And then there are even narrower perspectives involved which are the electoral considerations in Israel. As you know, new Israeli elections are to be held soon, and parties represented in the Israeli coalition government-Olmert and Livni’s Kadima on the one hand and Ehud Barak’s Labour party on the other-are facing strong competition from Likud, the far right wing of the mainstream Zionist scene in Israel. In a sense this onslaught on Gaza is a way to preempt the outbidding on which Netanyahu would certainly have built his electoral campaign. So if you put all these issues into consideration you get an overdetermination, i.e. a multiplicity of reasons for this operation to be launched right now. All the rest, the rockets launched by Hamas and all that, are just pretexts, in the same way that the abduction of 2 soldiers by Hezbollah in July 2006 was but a pretext used by Israel to launch a premeditated full-scale aggression.
Daniel Finn: The last major round of confrontation between Israel and Hamas and Hezbollah in 2006 ended in a major setback for the Israeli state and all kinds of recriminations among the political and military elites. Do you think Israel now has a realistic chance of overturning that setback and talking up a victory, or does it face another defeat?
Gilbert Achcar: Well, here lies the reason why the situation is extremely dangerous and worrying right now. Think about it: this onslaught has started on the 27th of Dec so that means we are some 2 weeks into the fighting and you have already a heavier death toll in absolute numbers than what you had in Lebanon after the first two weeks of intensive bombing. And if you take it in relative numbers, knowing that the Lebanese population is close to 3 times larger than the population of Gaza, then it is much, much more. What is very worrying and dangerous about the present situation is precisely that, because of the previous fiasco in Lebanon in the summer of 2006, Israel cannot afford another fiasco of the same kind. They cannot afford a new one, for both strategic reasons and opportunistic or short-term ones, small fry political calculations, that is.
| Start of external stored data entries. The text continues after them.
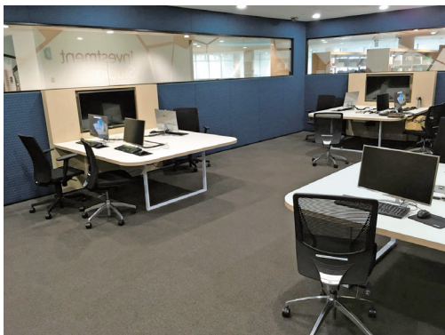
图4 SMU李嘉诚图书馆投资工作室

金融终端的一体机等,以支持金融管理等学校优势专业的发展(见图4) [26] 。NUS中央图书馆正在筹备创客中心的建设,计划为学生引进更多可动手实践的高新设备,以丰富学生与高科技的互动体验,培养其创新创业能力 [163] 。
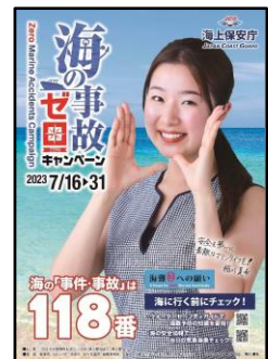
【事故ゼロキャンペーンポスター】
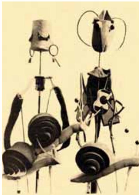
Zágrábi Bábszínház bábjai. Tervező: Berislav Deželić
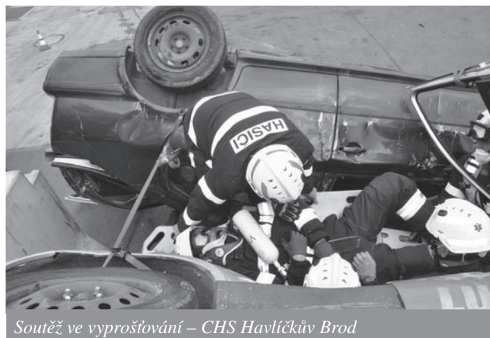
Soutěž ve vyprošťování – CHS Havlíčkův Brod
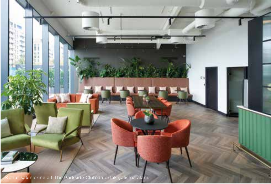
Konut sakinlerine ait The Parkside Club'da ortak çalışma alanı.

On the one hand the Israeli state stands to lose a lot of its so-called military credibility if it faces a new fiasco, all the more so that the enemy they are facing this time, i.e. Hamas in Gaza, is certainly much weaker than what Hezbollah is and was in Lebanon. Hezbollah is certainly stronger in the Lebanese Shiite community than Hamas is in Gaza where you have a bitter contest between Hamas and the PA/Fatah, and you have a few other groups competing for the same constituency. Beyond that, of course, for very obvious reasons, Hezbollah had much more weapons than Hamas has in Gaza, which is a small strip of land surrounded from all parts and under heavy surveillance. They can smuggle some light weapons, not major weapons into Gaza whereas in Lebanon, Hezbollah could build up an important arsenal - all the more easily that it was done with Syria’s backing.
So if Israel gets into a second fiasco even against Hamas which is quite weaker than Hezbollah, then this will be seen necessarily as a major disaster, worse than the 2006 one for Israel. Not to mention, and this is the second point, the petty consideration. If the ruling coalition in Israel comes out from the present war with another fiasco, its parties won’t even need to go to elections. Netanyahu would stand to smash them completely and they know that. So they cannot afford a fiasco for these two reasons combined and this is what makes the situation very, very worrying. They might develop the syndrome of the wounded beast, getting more ferocious than they are already. The level of Israeli atrocity is increasing war after war. The 33-Day War in 2006 was already the most brutal aggression in the long history of Israeli wars, the most brutal utilization of power by Israel, carpet-bombing whole regions of Lebanon, civilian areas.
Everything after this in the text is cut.